**TO DO**. Set down nothing but the lines from the one containing "地域探究講演会パネルディスカッション" to the final line of the material, exactly as written, and drop the pictures.

# # # # # # #

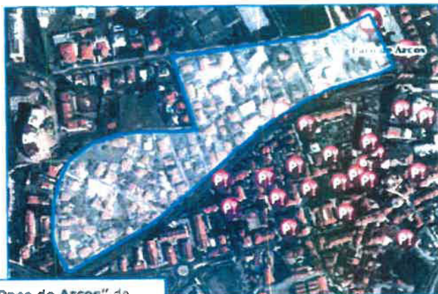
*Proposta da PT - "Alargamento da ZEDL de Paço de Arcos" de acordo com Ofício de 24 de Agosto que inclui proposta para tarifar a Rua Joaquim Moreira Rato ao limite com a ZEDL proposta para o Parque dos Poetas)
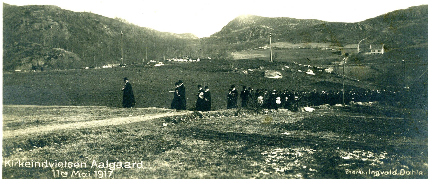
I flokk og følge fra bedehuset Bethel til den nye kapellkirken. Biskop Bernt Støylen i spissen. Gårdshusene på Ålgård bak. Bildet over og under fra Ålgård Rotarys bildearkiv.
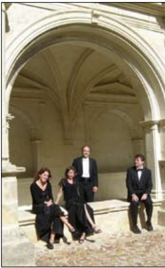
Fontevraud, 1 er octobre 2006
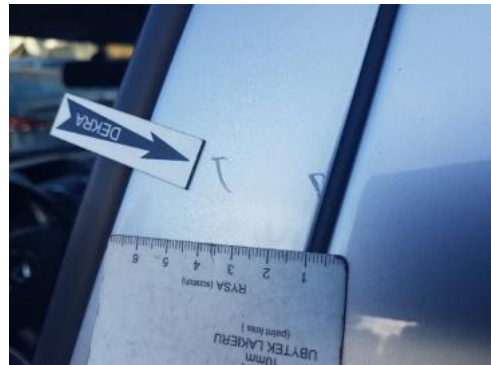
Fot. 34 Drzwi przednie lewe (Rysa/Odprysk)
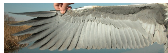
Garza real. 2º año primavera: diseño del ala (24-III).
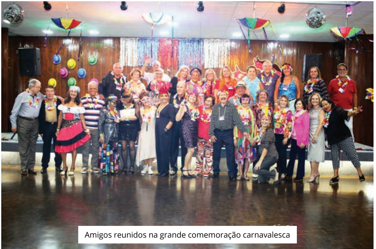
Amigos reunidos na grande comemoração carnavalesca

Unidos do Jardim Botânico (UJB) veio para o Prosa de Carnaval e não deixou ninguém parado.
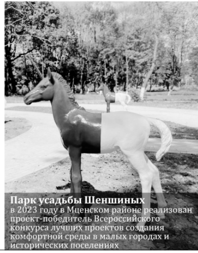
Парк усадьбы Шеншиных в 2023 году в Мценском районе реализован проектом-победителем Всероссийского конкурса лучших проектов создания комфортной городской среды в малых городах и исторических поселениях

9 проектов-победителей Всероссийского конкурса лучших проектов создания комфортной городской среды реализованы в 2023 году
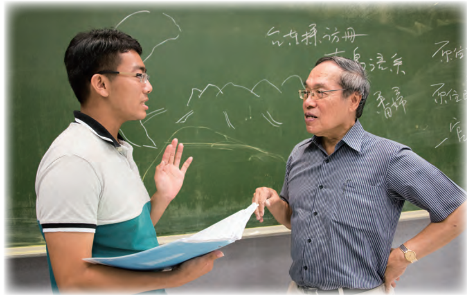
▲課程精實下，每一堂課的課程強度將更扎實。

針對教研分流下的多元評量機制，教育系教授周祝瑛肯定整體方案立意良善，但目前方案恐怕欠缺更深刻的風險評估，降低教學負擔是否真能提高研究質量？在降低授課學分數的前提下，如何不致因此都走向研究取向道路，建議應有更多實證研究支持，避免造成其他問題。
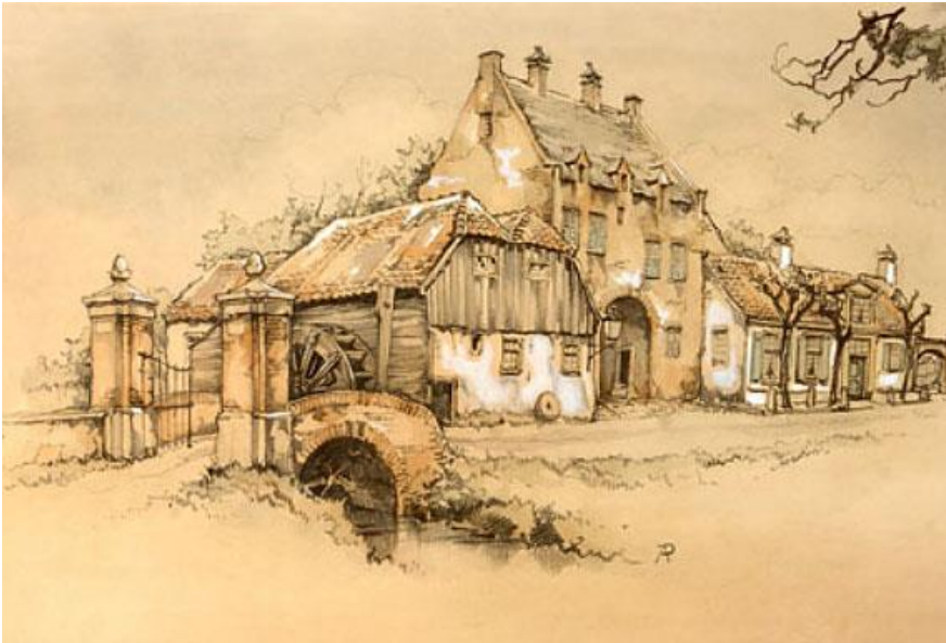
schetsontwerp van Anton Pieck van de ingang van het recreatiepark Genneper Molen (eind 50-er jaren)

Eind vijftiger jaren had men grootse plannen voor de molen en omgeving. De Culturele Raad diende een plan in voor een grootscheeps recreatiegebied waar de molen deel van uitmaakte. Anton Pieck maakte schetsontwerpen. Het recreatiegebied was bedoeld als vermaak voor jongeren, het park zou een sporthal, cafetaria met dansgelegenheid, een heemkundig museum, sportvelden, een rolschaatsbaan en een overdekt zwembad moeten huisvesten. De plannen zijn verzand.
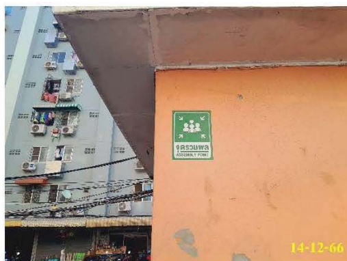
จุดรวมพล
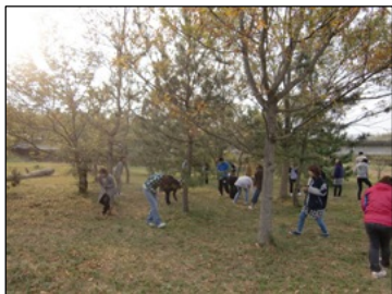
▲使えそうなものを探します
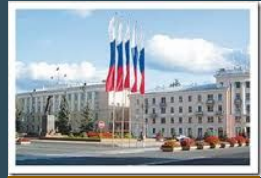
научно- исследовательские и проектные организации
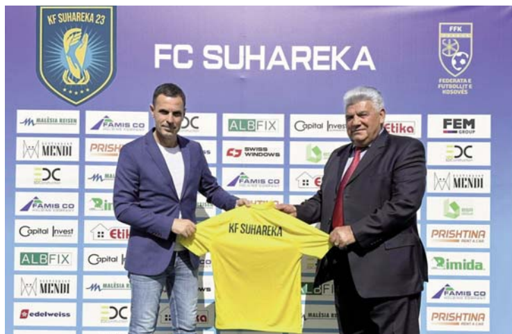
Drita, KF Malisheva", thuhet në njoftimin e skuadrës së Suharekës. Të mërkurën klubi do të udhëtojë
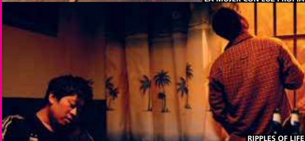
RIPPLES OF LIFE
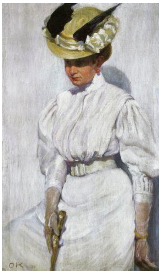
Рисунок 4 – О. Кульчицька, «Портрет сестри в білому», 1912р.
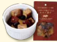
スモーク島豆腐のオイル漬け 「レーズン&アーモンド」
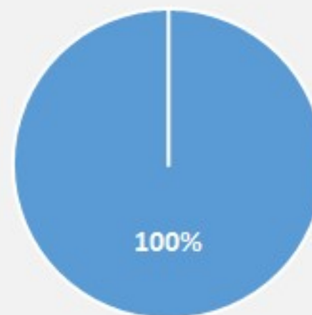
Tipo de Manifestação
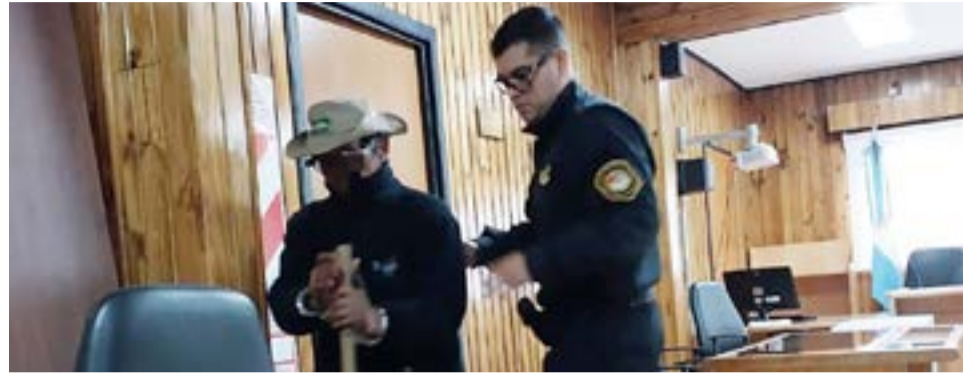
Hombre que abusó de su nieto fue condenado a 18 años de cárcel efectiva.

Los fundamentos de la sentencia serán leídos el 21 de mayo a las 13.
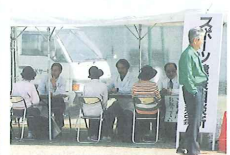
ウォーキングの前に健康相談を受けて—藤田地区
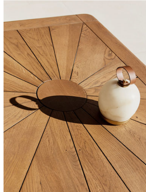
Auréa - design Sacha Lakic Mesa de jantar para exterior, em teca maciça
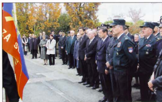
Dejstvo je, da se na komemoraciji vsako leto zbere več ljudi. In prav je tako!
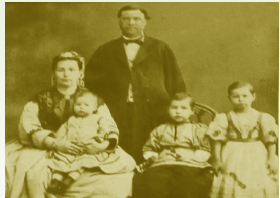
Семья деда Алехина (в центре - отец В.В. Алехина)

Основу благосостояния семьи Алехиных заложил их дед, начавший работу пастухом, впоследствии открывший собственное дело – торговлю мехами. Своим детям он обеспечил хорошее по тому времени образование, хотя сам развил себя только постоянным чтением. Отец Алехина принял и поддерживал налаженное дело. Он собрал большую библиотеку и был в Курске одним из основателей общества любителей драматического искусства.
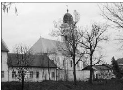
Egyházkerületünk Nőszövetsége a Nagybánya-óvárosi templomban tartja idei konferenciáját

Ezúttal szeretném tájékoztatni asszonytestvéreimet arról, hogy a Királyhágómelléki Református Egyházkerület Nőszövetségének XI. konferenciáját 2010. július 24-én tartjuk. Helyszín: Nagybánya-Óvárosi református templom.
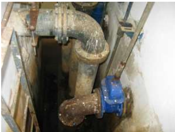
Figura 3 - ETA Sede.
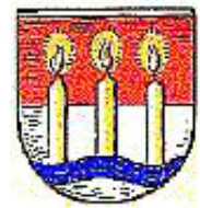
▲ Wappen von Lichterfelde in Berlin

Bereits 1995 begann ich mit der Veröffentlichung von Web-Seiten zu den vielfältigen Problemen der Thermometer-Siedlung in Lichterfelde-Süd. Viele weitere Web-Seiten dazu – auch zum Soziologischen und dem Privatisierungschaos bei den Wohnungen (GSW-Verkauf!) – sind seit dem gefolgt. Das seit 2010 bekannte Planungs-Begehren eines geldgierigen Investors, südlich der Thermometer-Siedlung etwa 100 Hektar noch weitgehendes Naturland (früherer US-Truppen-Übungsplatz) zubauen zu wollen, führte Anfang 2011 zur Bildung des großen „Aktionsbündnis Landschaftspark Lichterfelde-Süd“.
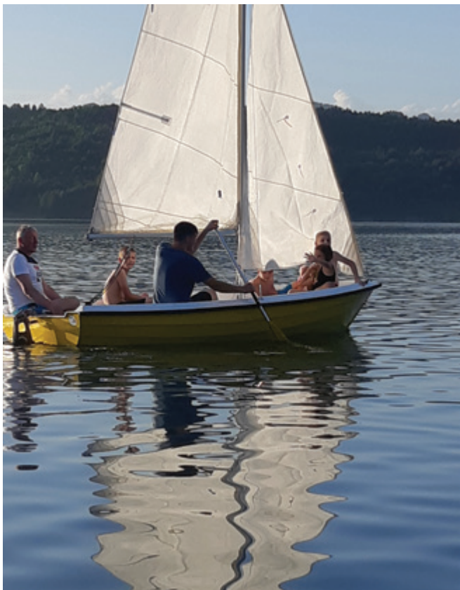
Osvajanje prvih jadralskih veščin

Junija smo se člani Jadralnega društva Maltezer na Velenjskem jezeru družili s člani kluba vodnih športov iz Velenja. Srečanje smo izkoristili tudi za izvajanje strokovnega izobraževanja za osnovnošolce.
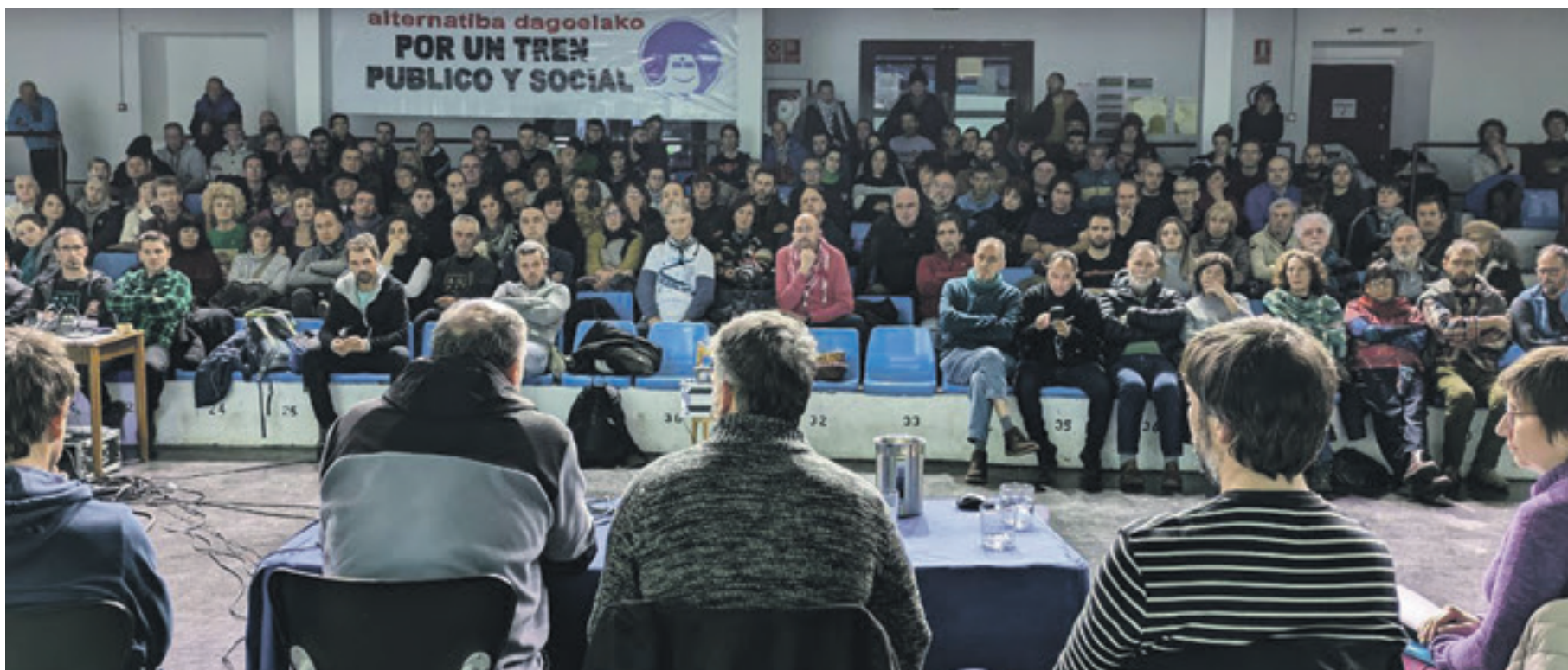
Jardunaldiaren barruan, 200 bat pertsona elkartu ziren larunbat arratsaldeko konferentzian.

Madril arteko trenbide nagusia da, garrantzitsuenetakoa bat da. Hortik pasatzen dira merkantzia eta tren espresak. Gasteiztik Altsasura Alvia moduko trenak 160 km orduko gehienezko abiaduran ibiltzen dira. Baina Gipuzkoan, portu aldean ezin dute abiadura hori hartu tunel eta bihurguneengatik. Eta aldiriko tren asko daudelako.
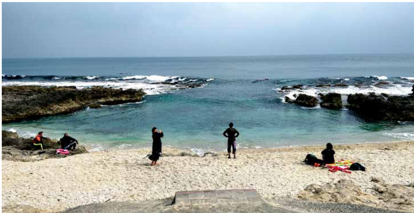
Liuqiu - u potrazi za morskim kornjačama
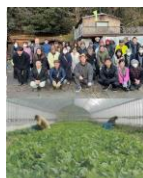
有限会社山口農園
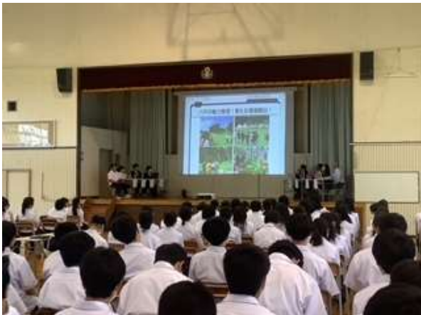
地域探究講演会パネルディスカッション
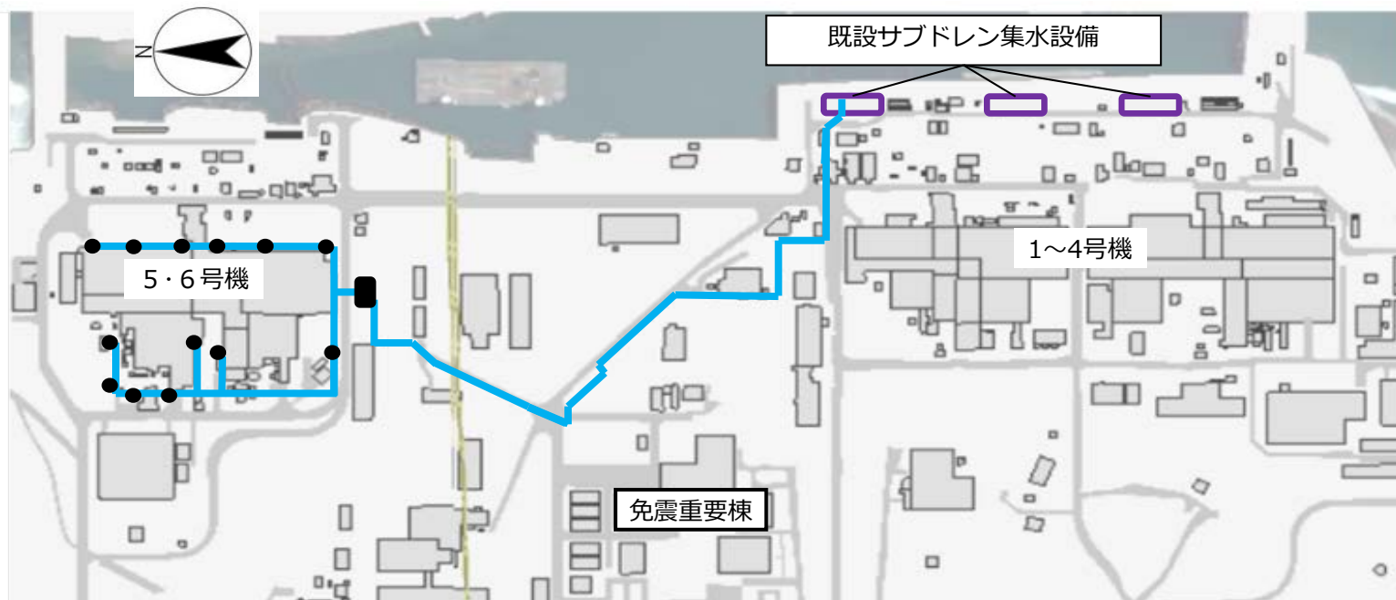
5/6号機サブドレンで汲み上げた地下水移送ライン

# # # # # # #

**ANSWER AREA**.
地域探究講演会パネルディスカッション
5/6号機サブドレンで汲み上げた地下水移送ライン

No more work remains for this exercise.